Actually, my formerly-free book got a terrific bump last time (free promo first week of November); stayed around #1000 for a month post-promo even at full price of $3.99. Surprised me mightily. And, of course, bump on the other books has been terrific after promos. But we will see what this one does! Because it's good to have options.


----------



## Usedtoposthere (Nov 19, 2013)

Update at 2 PM on Day 2 of Countdown promo: BookBub ad happened today, and Amazon added me to the "Featured Authors" list on Countdown (THANK YOU). 2,000+ sales so far, and "Just for Now" is #122 in the Kindle store, phew. Hoping for my second overall bestseller out of this deal, think I SHOULD make it today. 

And, yes, they've both been 99 cents when I've got up there, but oh well! Highest I've got with a $3.99 book is #225. Someday, I'll hit it with the full-priced book. Gotta believe.

Gulp: #60 in the kindle store at 4:30 on day 2. Ok. I'm a believer.


----------



## bberntson (Oct 24, 2013)

Congrats to everyone!  Your success is making me feel kind of like a doofus.  I have two countdowns going now, and I have 1 sale to show for it 80 hours in.  My work doesn't have enough reviews for some of the better paying sites, so I didn't do any paid advertising on these as an experiment because I was hardly making any money back on paid ads.  My experiment failed obviously.  A little probably would have made a bigger difference at least.


----------



## dkgould (Feb 18, 2013)

bberntson said:


> Congrats to everyone! Your success is making me feel kind of like a doofus. I have two countdowns going now, and I have 1 sale to show for it 80 hours in. My work doesn't have enough reviews for some of the petty paying sites, so I didn't do any paid advertising on these as an experiment because I was hardly making any money pack on paid ads. My experiment failed obviously. A little probably would have made a bigger difference at least.


hey, don't feel bad, we're all still figuring this thing out. Some got lucky, some didn't, we all learned some stuff and hopefully all of our next runs will be awesome


----------



## Sophrosyne (Mar 27, 2011)

Rosalind, your book is featured on my Kindle!


----------



## Usedtoposthere (Nov 19, 2013)

Sophrosyne said:


> Rosalind, your book is featured on my Kindle!


Really? Holy cow! I am #45 now. Cannot believe it.


----------



## bberntson (Oct 24, 2013)

dkgould said:


> hey, don't feel bad, we're all still figuring this thing out. Some got lucky, some didn't, we all learned some stuff and hopefully all of our next runs will be awesome


Thanks. I just checked my numbers again, and my one sale was refunded. Sometimes, it's just not your day.


----------



## sarahdalton (Mar 15, 2011)

Well it's finished with 275 buys, two of them from the UK, the rest from the US. 

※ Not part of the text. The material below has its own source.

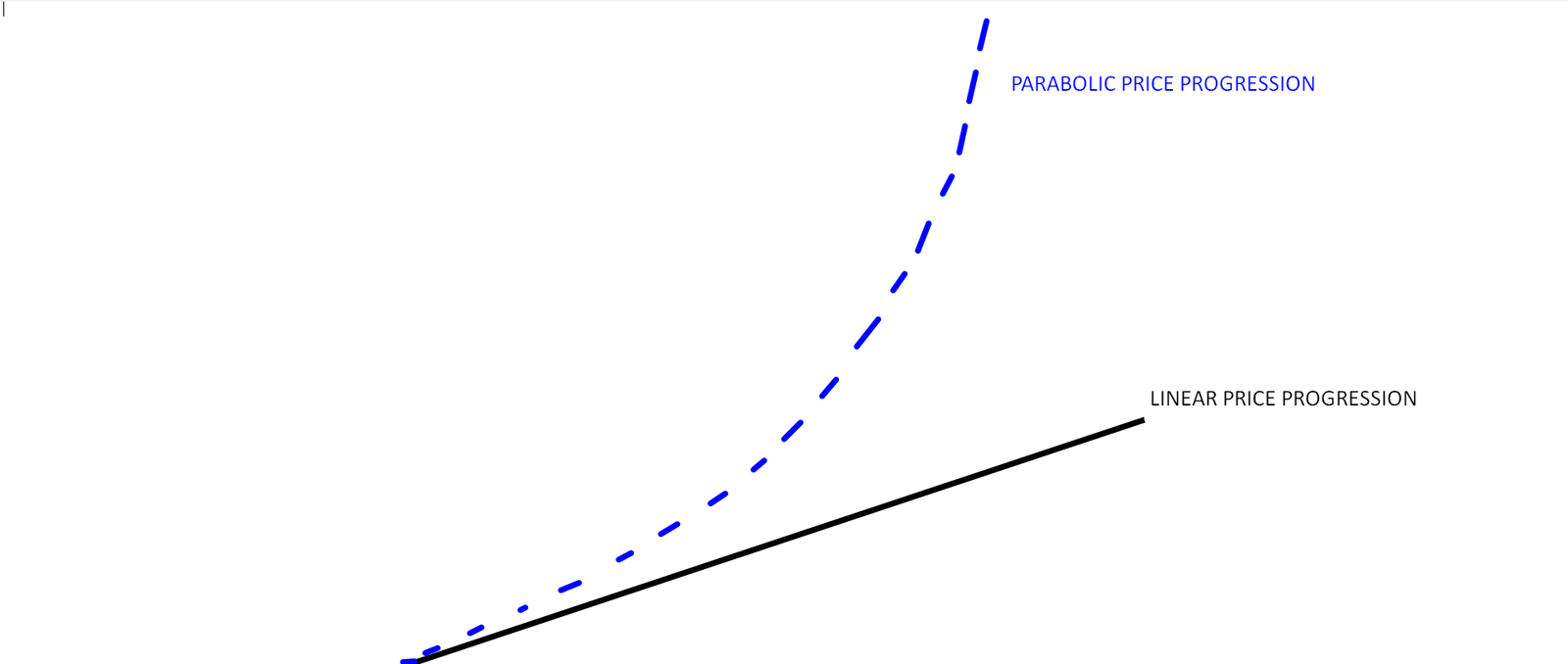 Differences between parabolic/exponential and linear price progression (by judging the curve of price progression) are shown in the images below. The data quantity impacts the ability to define it correctly.

I had something like 50 buys overnight which is great.

But it ended sooner than I expected and now I've had to cancel a promo. If you can't run it for the full term definitely write down the start and end times for the deal. It's tricky for me because I'm on UK time and everything else is PST, so I get easily confused about what I've scheduled. Gah! Oh well, overall it has been a success. I've also noticed an increase in sales for book 2 and 3 so it has worked quite well. It's just me who is maths challenged and apparently can't tell the time!


----------



## Mike McIntyre (Jan 19, 2011)

I ran a seven-day Countdown for The Kindness of Strangers in both the US and UK stores, Dec. 25-31. During the previous week, it sold 15 copies. During the Countdown, it sold 313 copies. Like my previous Countdown, I did better in the UK than the US, even though the UK ordinarily accounts for only 15% of my sales. Also in the UK, I sold more at the higher increment. Not sure what to make of this.


----------



## Usedtoposthere (Nov 19, 2013)

12 hours to go on my first one (on Just for Now)--at the 7,000-sold mark (almost 6 days). Posting now because I'm going away-from-the-Internet for a week, tomorrow morning (and hooray for that).

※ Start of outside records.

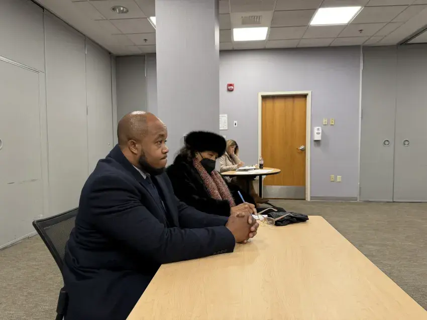 Dr. Margie Pulley, right, takes notes at the beginning of Tuesday’s meeting of the Greenwood Leflore Hospital Board. Accompanying her is one of her sons, Kelvin Pulley. Margie Pulley later addressed the hospital board behind closed doors, a possible violation by the hospital board of Mississippi’s Open Meetings Act. (By Tim Kalich, Copyright 2025 Emmerich Newspapers, Inc.)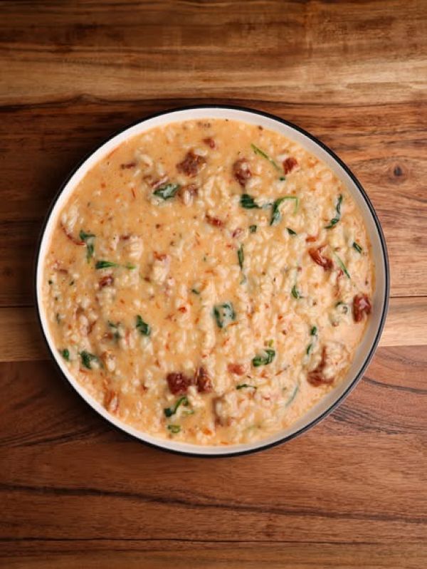 Těstoviny s uzeným lososem, česnekem, sušenými rajčaty, smetanou, italským sýrem a čerstvou rukolou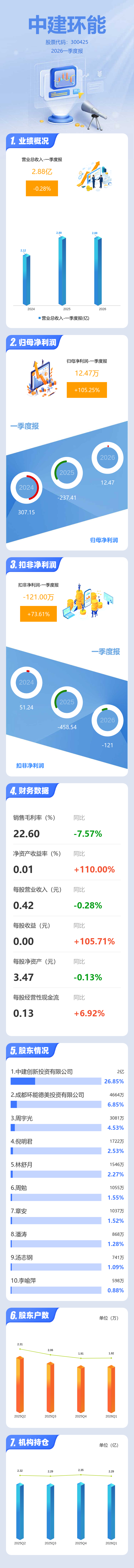 证券之星消息,中建环能2026年一季报显示,一季度公司主营收入2.88亿元,同比下降0.28%;归母净利润12.47万元,同比上升105.25%;扣非净利润-121.0万元,同比上升73.61%;负债率44.57%,投资收益25.36万元,财务费用453.01万元,毛利率22.6%。

Highest rank achieved on .com: 32. (Which was OH MY LORD amazing. All right, 99 cents--but STILL. Hyperventilation time.)
Most of the sales came from .com--I did .uk too, but results fairly pathetic, even though I usually sell OK there.

BookBub ad helped the most--got about 3,000 sales on my BookBub day. Next time, though, I'd buy other ads, try to have one place each day. (I only did BookBub, on Day 2 in case something was glitchy on Day 1.)

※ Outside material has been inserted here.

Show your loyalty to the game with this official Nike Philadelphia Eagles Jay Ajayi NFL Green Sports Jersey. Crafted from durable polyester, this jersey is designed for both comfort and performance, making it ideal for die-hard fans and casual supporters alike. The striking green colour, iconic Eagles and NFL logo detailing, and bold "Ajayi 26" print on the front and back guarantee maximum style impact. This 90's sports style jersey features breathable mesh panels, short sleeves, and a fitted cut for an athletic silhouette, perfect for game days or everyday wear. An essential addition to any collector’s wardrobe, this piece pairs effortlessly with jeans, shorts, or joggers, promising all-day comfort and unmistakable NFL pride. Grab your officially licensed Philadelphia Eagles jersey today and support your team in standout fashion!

I priced at 99 cents for the whole thing, and I think that was a good move.

I also chose a book that I thought would be attractive for the holidays: family/home theme, very heartwarming, my most domestic book, with recipes in the back. I think that worked well, too. 

What I did wrong: didn't get the entire 7 days out of it, messed up on the hours. Also, as above, didn't buy more ads, which was dumb. 

What I don't know yet: how much bump I'll get on the other books. Have definitely got some, but the jury's still out.

Oh, and BTW: I estimated I might get 10% of the number of sales that I'd expect on a free download, and I think that number was spot on. You wouldn't think 99 cents would be so different from free, but it is. 

Another interesting thing: I got a lot of borrows on the book during the promo. Again--instead of 99 cents? But still. Free is free, I guess.


----------



## Sophrosyne (Mar 27, 2011)

I knew you could do it!  

I was one of your buys! That's right -- my one buy must have been responsible for putting you in the bestseller rank!   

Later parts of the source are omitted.